As always, we appreciate you sharing your insights and we’ve got a few more questions for you, but before we get to all of that can you take a minute to introduce yourself and give our readers some of your back background and context?
As someone who has struggled with feeling unseen, my art helps me feel recognized while in the act of truly seeing others. 90% of my practice is being a live event painter. That can either mean painting a canvas of a main event such at corporate retreat or a wedding couple. Most often I’m hired to paint live guest portraits. At an event I paint watercolor portraits of the guests. In this age of AI, clients rave about being witness to art coming to life in front of their eyes. Live painting is more than a performance. It is an interactive and immersive experience that cannot be replicated with technology. The event space becomes an actual studio he guests become models. The juxtaposition of old world art and new world environments feels like magic. In an time when gathering in person is rare and authentic real-in-the-moment unedited creation feels like something from another era, my art leaves an indelible impression that spreads joy, enhances creativity in others, and fosters community as people genuinely want to talk about the feeling of having art made for them. Wedding couples rave about having bespoke heirloom art.
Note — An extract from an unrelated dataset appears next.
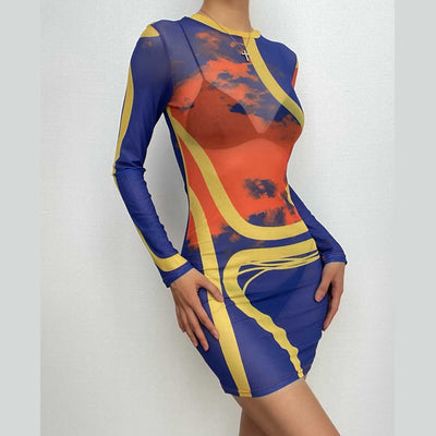 Contrast palm pattern halter backless slit mini dress

Knowing that something I’ve painted will live in their homes and be a part of their future story means a great deal to me.
Additionally, I work with private clients as well as brands to elevate a product with live customization and personalization events. Major brands, such as Bloomingdales, Jo Malone London, and Tecovas Boots hire me to paint live at promotional events, brand launches and product activations where I paint on their products directly. It is my goal to bring art to life for customers by enhancing a product with hand painting. These experiences add authentic not-had in other spaces elements.
The third component of my work is my studio painting. I do commission painting of anything on everything from pets on Woodford Reserve and Veuve Cliquot bottles to house and people portraits. I’ve recently begun to partner with a papery to paint watercolors for their invitations.
My daughter recently told me she was proud of me and looked up to me as someone who took a risk on launching my art career. Obviously, there were loads of tears. Up until this week, every brand I had worked for I had chased down myself, Just yesterday, David Yurman Jewely reached out to me over Instagram to have me paint for them. When the person told me their was no other artist they considered, I cried some more.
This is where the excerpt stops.